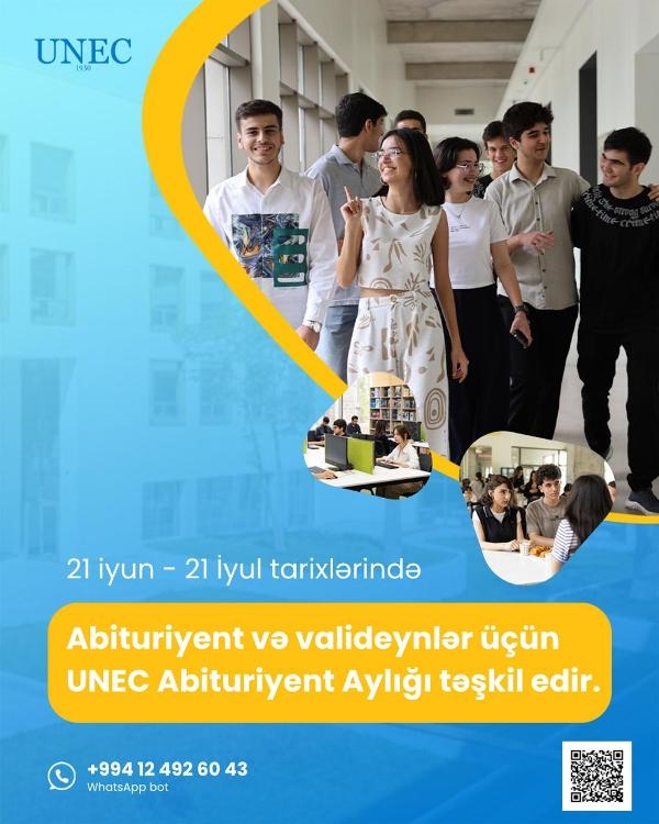 «Месяц абитуриента», предусмотренный для абитуриентов и родителей, а также иностранных граждан, желающих поступить в UNEC, продлится с 21 июня по 21 июля.
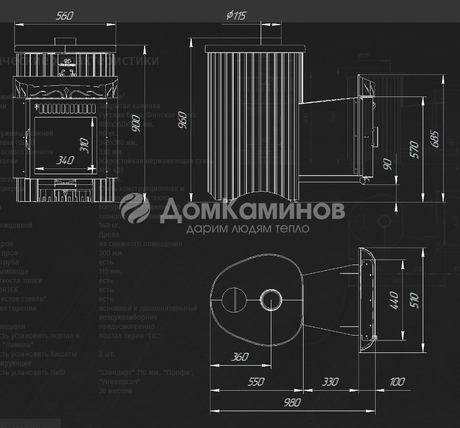 Большая масса камней, разогревается очень сильно, а дров уходит немного, благодаря полному сжиганию дымовых газов. Использование эффекта «Vortex», позволяет извлечь всю энергию и направить её на нагрев большого количества камней. Ферингер, это печь для Русской Бани, она качественно прогреет как маленькую, так и самую большую парную.
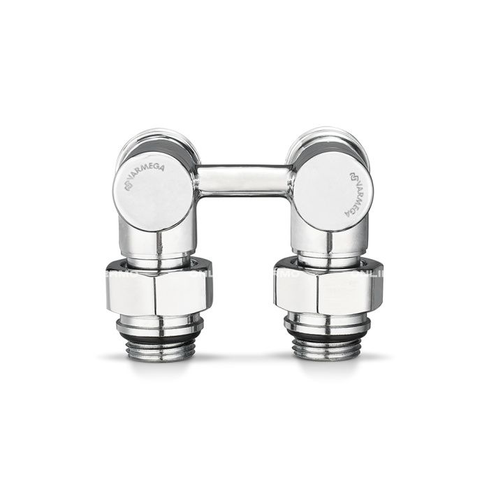 Узлы Varmega предназначены для нижнего подключения отопительных приборов в системах отопления к стальным, медным, полипропиленовым, пластиковым и металлополимерным трубам. Для радиаторов с межосевым расстоянием 50 мм используются стандартные двойные узлы, одинарные узлы используются для любых радиаторов с нефиксированным межосевым расстоянием. Клапаны имеют вентильную вставку, с помощью которой можно полностью отключить отопительный прибор от системы. Открытие и закрытие осуществляется с помощью ключа типа SW. Прямой радиаторный узел позволяет подключить радиатор к трубам, выходящим из пола, а угловой узел – к трубам, выходящим из стены. На патрубках радиаторов с резьбой 3/4" узлы крепятся при помощи накидных гаек, в случае применения радиаторов с присоединительными отверстиями, имеющими резьбу 1/2”, узлы устанавливаются через переходные адаптеры. Виды и модификации узлов: • Одинарный в угловом и прямом исполнении, предназначен для подключения радиаторов к двухтрубной системе. Для 1 радиатора требуется 2 одинарных узла. • Сдвоенный с межосевым расстоянием 50 мм в угловом и прямом исполнении, предназначен для подключения радиаторов к двухтрубной системе;

• **AIM OF THE EXERCISE**
Please print the data above in its entirety, exactly, but without any picture.

• **WRITTEN ANSWER**
 «Месяц абитуриента», предусмотренный для абитуриентов и родителей, а также иностранных граждан, желающих поступить в UNEC, продлится с 21 июня по 21 июля.
 Большая масса камней, разогревается очень сильно, а дров уходит немного, благодаря полному сжиганию дымовых газов. Использование эффекта «Vortex», позволяет извлечь всю энергию и направить её на нагрев большого количества камней. Ферингер, это печь для Русской Бани, она качественно прогреет как маленькую, так и самую большую парную.
 Узлы Varmega предназначены для нижнего подключения отопительных приборов в системах отопления к стальным, медным, полипропиленовым, пластиковым и металлополимерным трубам. Для радиаторов с межосевым расстоянием 50 мм используются стандартные двойные узлы, одинарные узлы используются для любых радиаторов с нефиксированным межосевым расстоянием. Клапаны имеют вентильную вставку, с помощью которой можно полностью отключить отопительный прибор от системы. Открытие и закрытие осуществляется с помощью ключа типа SW. Прямой радиаторный узел позволяет подключить радиатор к трубам, выходящим из пола, а угловой узел – к трубам, выходящим из стены. На патрубках радиаторов с резьбой 3/4" узлы крепятся при помощи накидных гаек, в случае применения радиаторов с присоединительными отверстиями, имеющими резьбу 1/2”, узлы устанавливаются через переходные адаптеры. Виды и модификации узлов: • Одинарный в угловом и прямом исполнении, предназначен для подключения радиаторов к двухтрубной системе. Для 1 радиатора требуется 2 одинарных узла. • Сдвоенный с межосевым расстоянием 50 мм в угловом и прямом исполнении, предназначен для подключения радиаторов к двухтрубной системе;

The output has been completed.